[DATA EXCERPTS]

◆ ◆ ◆ ◆ ◆

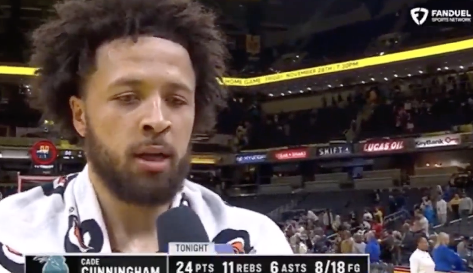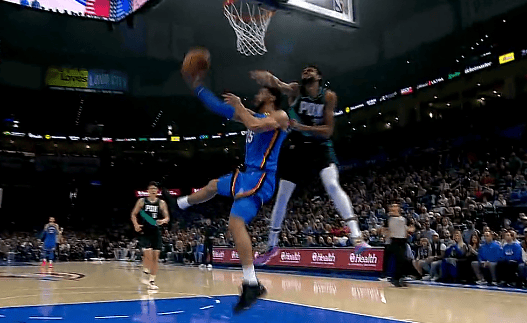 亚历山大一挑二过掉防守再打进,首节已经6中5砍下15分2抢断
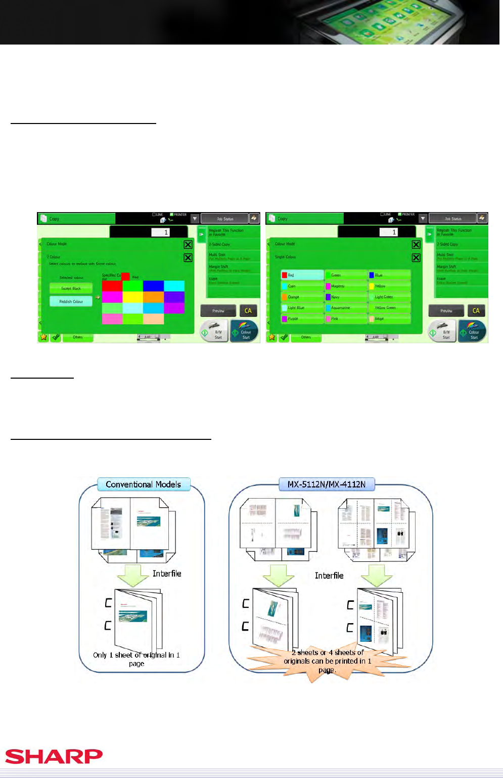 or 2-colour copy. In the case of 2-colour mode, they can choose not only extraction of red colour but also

◆ ◆ ◆ ◆ ◆

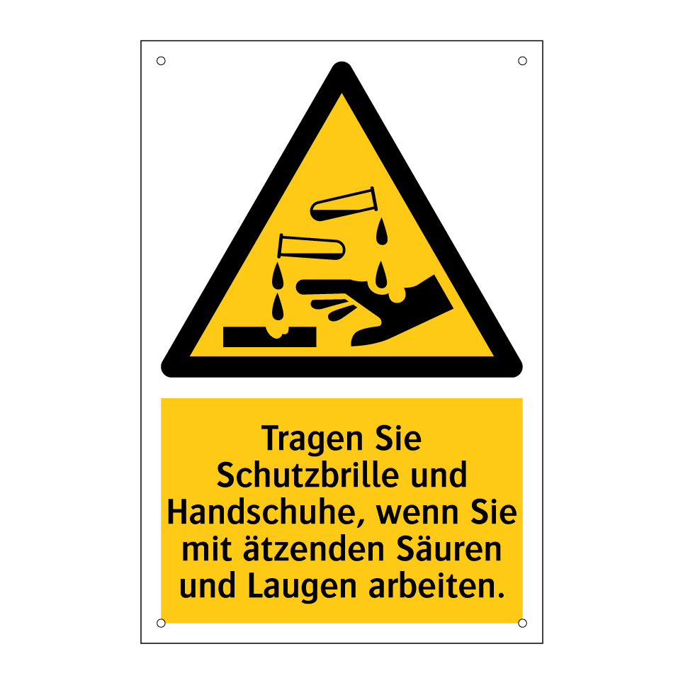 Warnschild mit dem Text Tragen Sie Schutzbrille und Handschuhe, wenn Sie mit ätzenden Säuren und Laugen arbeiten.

◆ ◆ ◆ ◆ ◆

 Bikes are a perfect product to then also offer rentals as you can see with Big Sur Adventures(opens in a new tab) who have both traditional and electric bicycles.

◆ ◆ ◆ ◆ ◆

[EXERCISE DETAILS] Here the job is to copy the stretch of records from the line containing "亚历山大一挑二过掉防守再打进,首节已经6中5砍下15分2抢断" through the line containing "or 2-colour copy.", word for word. Leave every picture out.

[ANSWER SECTION]
 亚历山大一挑二过掉防守再打进,首节已经6中5砍下15分2抢断
 or 2-colour copy. In the case of 2-colour mode, they can choose not only extraction of red colour but also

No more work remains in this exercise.